# [Work item]
The answer must repeat every record exactly, with all pictures omitted.

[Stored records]
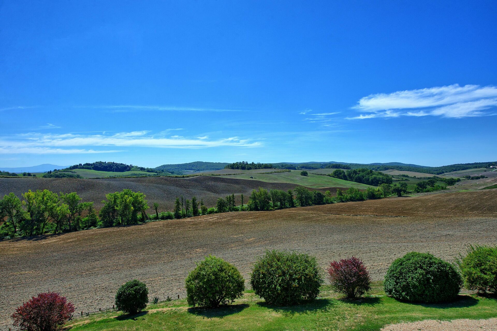 Neben vielem anderen der Blick ueber die Felder nach Siena.
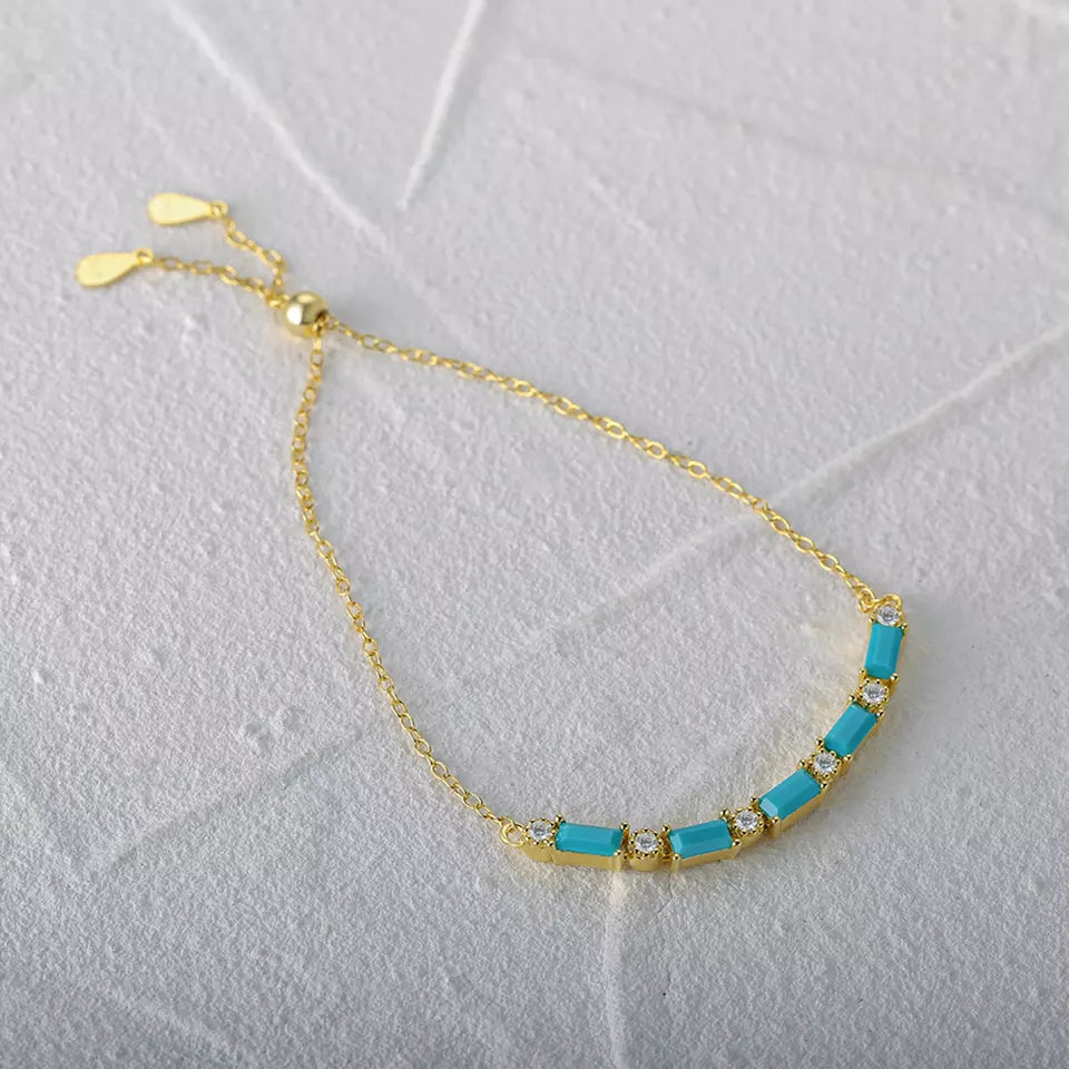 Bracelet features Aquamarine & Diamond Simulants with Gold Plated Sterling Silver
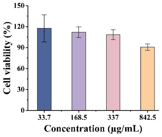 The cytotoxic effects of BBG-NEs were evaluated using the MTT (thiazolyl blue) colorimetric assay. In this assay, succinate dehydrogenase within the mitochondria of cells reduces MTT to insoluble blue-violet Formazan crystals, which are retained by living cells but not by dead ones. Dimethyl sulfoxide (DMSO) is used to solubilize the Formazan within the cells, and the resulting absorbance is used to indirectly quantify the number of viable cells. The amount of Formazan crystals formed is directly proportional to the number of cells within a specific range. Figure 6 illustrates that the cell viability of fibroblast L929 remained above 90% when the concentration of BBG-NEs was between 33.7 and 842.5 µg/mL. These findings suggest that BBG-NEs demonstrate a high level of biosafety towards L929 cells.
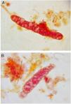 We are presenting the case of a 62-year-old male patient with history of diabetes mellitus, who attended the peritoneal dialysis clinic for follow up and blood work (blood cytology and blood chemistry) and urinalysis were obtained. The results of the blood work were as follows: haemoglobin 11.8 g/dl (12−15 g/dl), glucose 60 mg/dl (70−110 mg/dl), urea 85.5 mg/dl (10−50 mg/dl), creatinine 2.9 mg/dl (0.6–1.3 mg/dl), BUN 39.95 mg/dl (7−18 mg/dl), uric acid 4.2 mg/dl (2.6–7.2 mg/dl), total cholesterol 252 mg/dl (120−200 mg/dl) and triglycerides 220 mg/dl (70−150 mg/dl). The results of the urinalysis were proteinuria (>300 mg/dl) and haematuria (200 red blood cells/μl). Microscopy of the sediment confirmed the haematuria (10–15 erythrocytes/field under a high-dry lens) and also found oval fat bodies, fat droplets (lipiduria), yeasts, squamous, urothelial and kidney cells, and a large variety of casts, including waxy, red blood cell, granular, white blood cell, lipid and hyaline cases (Fig. 1), with the presence of a cast with a waxy matrix and large number of vacuoles that was identified as vacuolar denatured casts (Fig. 2), which is being of particularly rare
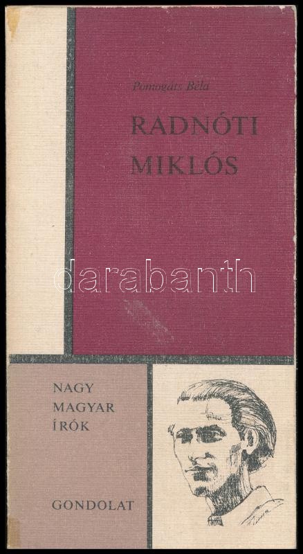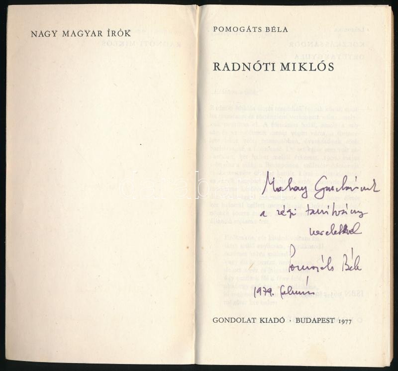 Pomogáts Béla: Radnóti Miklós. Nagy magyar írók. Bp., 1977., Gondolat. Kiadói kissé kopott papírkötés, a gerincen kis szakadással. A szerző, Pomogáts Béla (1934-) Széchenyi-díjas kritikus, tanár, irodalomtörténész által Makay Gusztáv (1910-1984) irodalomtörténész, kritikus, egyetemi tanár részére dedikált példány.
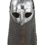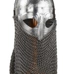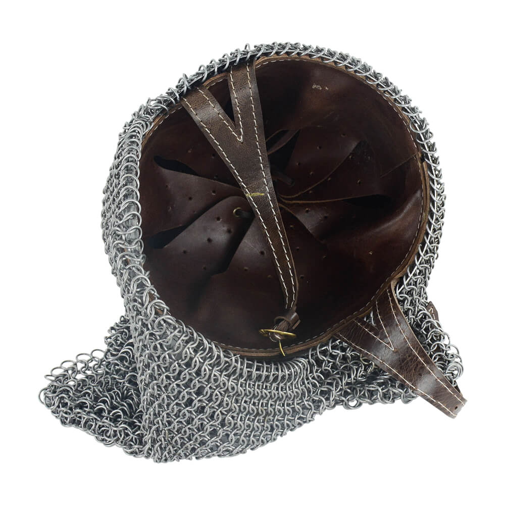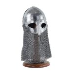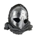 The Viking Vendel helm is constructed from 18 gauge steel and fitted with an integrated chainmail camail of butted mail links. The blackened interior has been fitted with an adjustable leather suspension liner and adjustable chin strap with brass buckle.
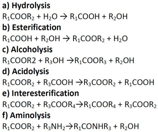 Types of reactions catalyzed by lipases: (a) hydrolysis, (b) esterification, (c) alcoholysis, (d) acidolysis, (e) interesterification, (f) aminolysis [29].
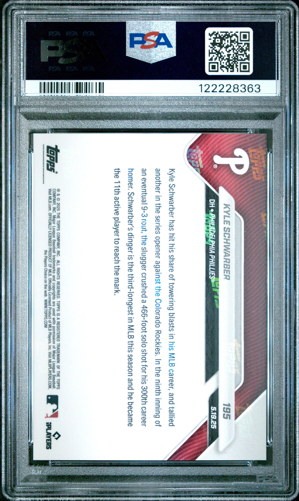 Graded 2025 Topps Now Kyle Schwarber #195 Baseball Card PSA 10 Gem Mint
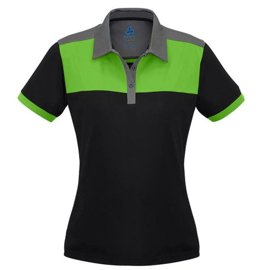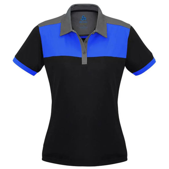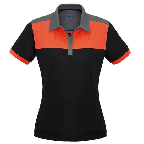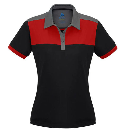 Ladies modern fit polo made from antibacterial treated fabric which resists odour and keeps you cool and fresh. Contrast panels/, self-fabric collar and sleeve cuff. 155 GSM. UPF rating – Excellent.
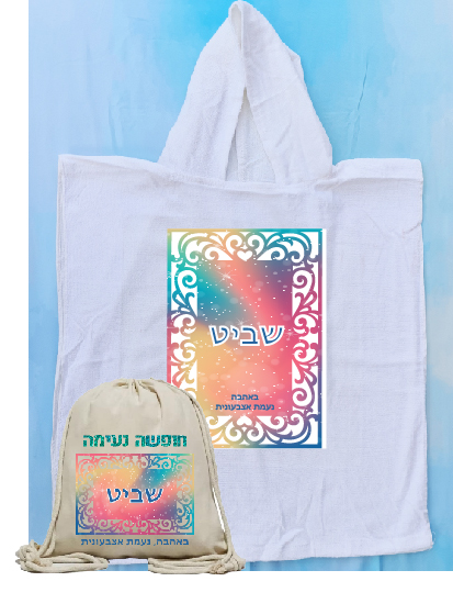 מגבת פונצ'ו 100% כותנה עם שם 38-42 שח
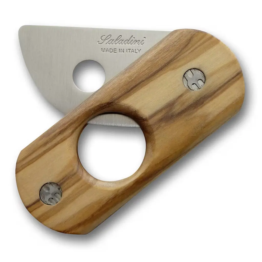 This portable cigar cutter allows a cigar lover to indulge in his favorite pastime while using an exquisitely crafted piece. This one has a closed hole and the steel center is surrounded with a body in olive wood that allows it to be easily handled. A perfect idea for a refined gift, this piece is part of a series of cigar cutters by Saladini that includes also the table version, with base, and a portable one with opened hole.
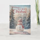 Um belo cartão de natal festivo Holiday Season Snowman constituído por uma cena de neve de inverno com um boneco de neve sorridente vestindo um chapéu de calor e um cachecol cercado por árvores cobertas de neve Todo o texto pode ser personalizado e depois personalizado com o nome e a mensagem de dentro
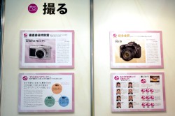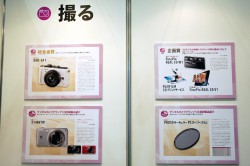 会場の「入口A」を入ってすぐのところ、主催者関連ブースの一番扉側に「デジタルカメラグランプリ」ブースを設け、カメラやディスプレイ、記録メディアや編集ソフトなどの注目製品をトータルでご紹介しています。
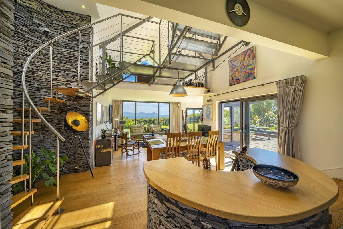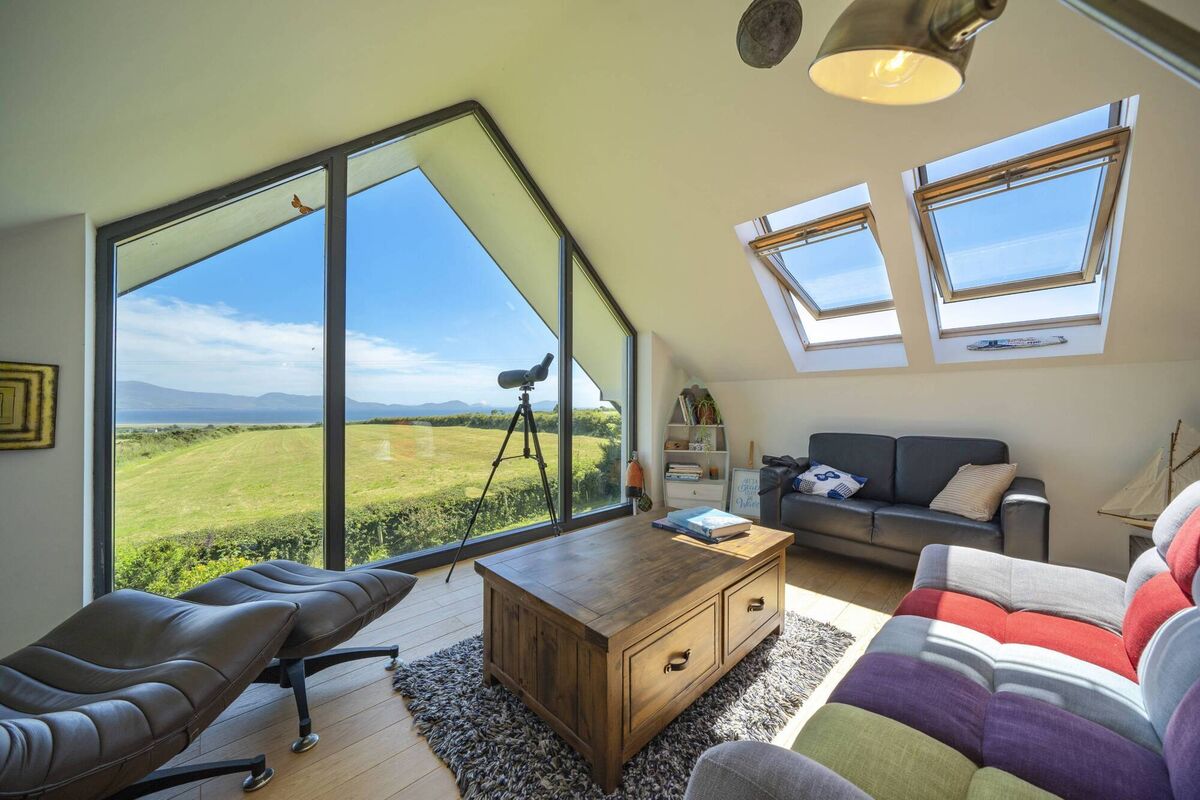 Mr Krueger says interest in the farmhouse is both national and international, with queries coming from the UK, the USA and the Continent, similar to the type of interest generated by a property across the bay in Waterville which he sold for €801,000 last March, having launched at €495,000. Again, it was an architecturally designed home encompassing the old and the new, a bit smaller than this one, on a bigger site, with one or two golf courses nearby.
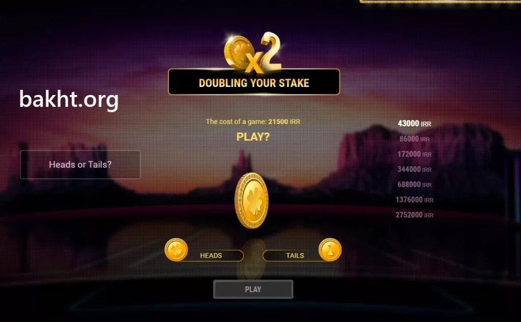 شما Heads (همان شیر) یا Tails (خط) را انتخاب میکنید، مبلغ شرط خود را تعیین کرده و گزینه Play را میزنید.
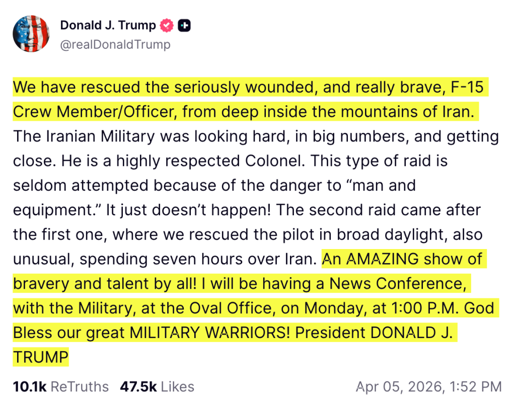 President Trump reported today that the Second, Brave Pilot of the downed F15E downed over Iran, who was seriously wounded, was rescued today.

# [Result of the task]
 Neben vielem anderen der Blick ueber die Felder nach Siena.
 Bracelet features Aquamarine & Diamond Simulants with Gold Plated Sterling Silver
 The cytotoxic effects of BBG-NEs were evaluated using the MTT (thiazolyl blue) colorimetric assay. In this assay, succinate dehydrogenase within the mitochondria of cells reduces MTT to insoluble blue-violet Formazan crystals, which are retained by living cells but not by dead ones. Dimethyl sulfoxide (DMSO) is used to solubilize the Formazan within the cells, and the resulting absorbance is used to indirectly quantify the number of viable cells. The amount of Formazan crystals formed is directly proportional to the number of cells within a specific range. Figure 6 illustrates that the cell viability of fibroblast L929 remained above 90% when the concentration of BBG-NEs was between 33.7 and 842.5 µg/mL. These findings suggest that BBG-NEs demonstrate a high level of biosafety towards L929 cells.
 We are presenting the case of a 62-year-old male patient with history of diabetes mellitus, who attended the peritoneal dialysis clinic for follow up and blood work (blood cytology and blood chemistry) and urinalysis were obtained. The results of the blood work were as follows: haemoglobin 11.8 g/dl (12−15 g/dl), glucose 60 mg/dl (70−110 mg/dl), urea 85.5 mg/dl (10−50 mg/dl), creatinine 2.9 mg/dl (0.6–1.3 mg/dl), BUN 39.95 mg/dl (7−18 mg/dl), uric acid 4.2 mg/dl (2.6–7.2 mg/dl), total cholesterol 252 mg/dl (120−200 mg/dl) and triglycerides 220 mg/dl (70−150 mg/dl). The results of the urinalysis were proteinuria (>300 mg/dl) and haematuria (200 red blood cells/μl). Microscopy of the sediment confirmed the haematuria (10–15 erythrocytes/field under a high-dry lens) and also found oval fat bodies, fat droplets (lipiduria), yeasts, squamous, urothelial and kidney cells, and a large variety of casts, including waxy, red blood cell, granular, white blood cell, lipid and hyaline cases (Fig. 1), with the presence of a cast with a waxy matrix and large number of vacuoles that was identified as vacuolar denatured casts (Fig. 2), which is being of particularly rare
 Pomogáts Béla: Radnóti Miklós. Nagy magyar írók. Bp., 1977., Gondolat. Kiadói kissé kopott papírkötés, a gerincen kis szakadással. A szerző, Pomogáts Béla (1934-) Széchenyi-díjas kritikus, tanár, irodalomtörténész által Makay Gusztáv (1910-1984) irodalomtörténész, kritikus, egyetemi tanár részére dedikált példány.
 The Viking Vendel helm is constructed from 18 gauge steel and fitted with an integrated chainmail camail of butted mail links. The blackened interior has been fitted with an adjustable leather suspension liner and adjustable chin strap with brass buckle.
 Types of reactions catalyzed by lipases: (a) hydrolysis, (b) esterification, (c) alcoholysis, (d) acidolysis, (e) interesterification, (f) aminolysis [29].
 Graded 2025 Topps Now Kyle Schwarber #195 Baseball Card PSA 10 Gem Mint
 Ladies modern fit polo made from antibacterial treated fabric which resists odour and keeps you cool and fresh. Contrast panels/, self-fabric collar and sleeve cuff. 155 GSM. UPF rating – Excellent.
 מגבת פונצ'ו 100% כותנה עם שם 38-42 שח
 This portable cigar cutter allows a cigar lover to indulge in his favorite pastime while using an exquisitely crafted piece. This one has a closed hole and the steel center is surrounded with a body in olive wood that allows it to be easily handled. A perfect idea for a refined gift, this piece is part of a series of cigar cutters by Saladini that includes also the table version, with base, and a portable one with opened hole.
 Um belo cartão de natal festivo Holiday Season Snowman constituído por uma cena de neve de inverno com um boneco de neve sorridente vestindo um chapéu de calor e um cachecol cercado por árvores cobertas de neve Todo o texto pode ser personalizado e depois personalizado com o nome e a mensagem de dentro
 会場の「入口A」を入ってすぐのところ、主催者関連ブースの一番扉側に「デジタルカメラグランプリ」ブースを設け、カメラやディスプレイ、記録メディアや編集ソフトなどの注目製品をトータルでご紹介しています。
 Mr Krueger says interest in the farmhouse is both national and international, with queries coming from the UK, the USA and the Continent, similar to the type of interest generated by a property across the bay in Waterville which he sold for €801,000 last March, having launched at €495,000. Again, it was an architecturally designed home encompassing the old and the new, a bit smaller than this one, on a bigger site, with one or two golf courses nearby.
 شما Heads (همان شیر) یا Tails (خط) را انتخاب میکنید، مبلغ شرط خود را تعیین کرده و گزینه Play را میزنید.
 President Trump reported today that the Second, Brave Pilot of the downed F15E downed over Iran, who was seriously wounded, was rescued today.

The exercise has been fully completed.